Levels of Organisation

    • Individual, Species, Organism
      • Organism in this level has the ability to act or function independently
      • Here, Individuals do not breed with individuals from other groups
    • Population
      • A group of individuals of a given species that live in a specific geographic area at a given time
      • Populations include individuals of the same species, but may have different genetic makeup such as hair/eye/skin colour and size between themselves and other populations
    • Community
      • It includes all the populations in a specific area at a given time. A community includes populations of organisms of different species
      • These are generally named after the dominant plant species
    • Ecosystem
      • Ecosystems include more than a community of living organisms (biotic) interacting with the environment (abiotic)
      • Everything that lives in an ecosystem is dependent on the other species and elements that are also a part of the ecological community
    • Biome
      • A Biome is a set of ecosystems sharing similar characteristics with their abiotic factors adapted to their environments
    • Biosphere
      • When we consider all the different biomes, each blending into the other, with all humans living in many different geographic areas, we form a huge community of humans, animals and plants, and micro-organisms in their defined habitats.
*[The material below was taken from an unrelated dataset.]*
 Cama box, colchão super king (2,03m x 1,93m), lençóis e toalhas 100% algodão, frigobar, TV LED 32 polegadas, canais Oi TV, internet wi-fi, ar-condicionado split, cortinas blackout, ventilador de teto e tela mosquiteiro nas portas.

A biosphere is the sum of all the ecosystems established on planet Earth

 

Principles of Ecology

  • Evolution organizes ecological systems into hierarchies
    • Individual organisms combine into populations, populations combine into species, species combine into higher taxa like genera and phyla.
    • Each can be characterized by its abundance and diversity (number of kinds) in a given ecosystem or study plot
  • The sun is the ultimate source of energy for most ecosystems
    • Life runs on the carbon-rich sugars produced by photosynthesis; every ecosystem’s sugar output depends on how much solar energy and precipitation it receives
  • Organisms are chemical machines that run on energy
    • The laws of chemistry and physics limit the ways each organism makes a living and provide a basic framework for ecology.
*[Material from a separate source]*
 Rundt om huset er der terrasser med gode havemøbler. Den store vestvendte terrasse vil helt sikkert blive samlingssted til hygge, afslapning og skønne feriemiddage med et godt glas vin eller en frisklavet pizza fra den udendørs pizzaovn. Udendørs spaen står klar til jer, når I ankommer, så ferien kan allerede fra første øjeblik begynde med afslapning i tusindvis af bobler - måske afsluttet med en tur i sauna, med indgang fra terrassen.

    • The supply of chemical elements and the sugars needed to fuel their assembly into organisms limit the abundance and diversity of life
  • Chemical nutrients cycle repeatedly while energy flows through an ecosystem
    • The atoms of elements like Carbon, Nitrogen and Sodium go back and forth from spending time in living to spending time in dead parts of an ecosystem.
    • But the photons of solar energy can be used only once before they are lost to the universe
  • Organisms interact—do things to each other—in ways that influence their abundance
    • Individual organisms can eat one another, compete for shared resources, and help each other survive.
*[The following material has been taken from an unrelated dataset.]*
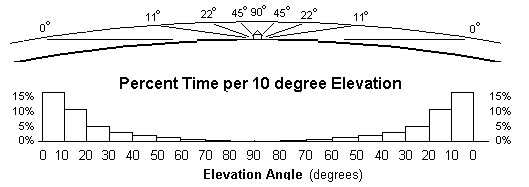 Another way to look at the same geometery is to plot the percentage of time that the satellite is within each ten degrees of elevation as shown to the right. Now let's superimpose a typical 6 element beam antenna pattern pointed at the horizon on the above range and angle plots.

    • Each pair of species in an ecosystem can be characterized by the kind and strength of these interactions
  • Ecosystems are organized into webs of interactions
    • The abundance of a population is influenced by the chains of interactions that connect it to the other species in its ecosystem
    • This often leads to complex behaviour, and a key challenge in ecology is to determine what patterns of abundance and diversity can be predicted
  • Human populations have an outsized role in competing with, preying upon, and helping other organisms
    • Humans are one of millions of species embedded in Earth’s ecosystems. The ability of humans to change the planet, abetted by our large population size and technological prowess, increases our ability to shape the biosphere’s future
  • Ecosystems provide essential services to human populations
    • These include products like timber, fibre and food, regulating water and air quality, and cultural benefits like recreation. A key goal of ecology is to use the above principles to preserve ecosystem services.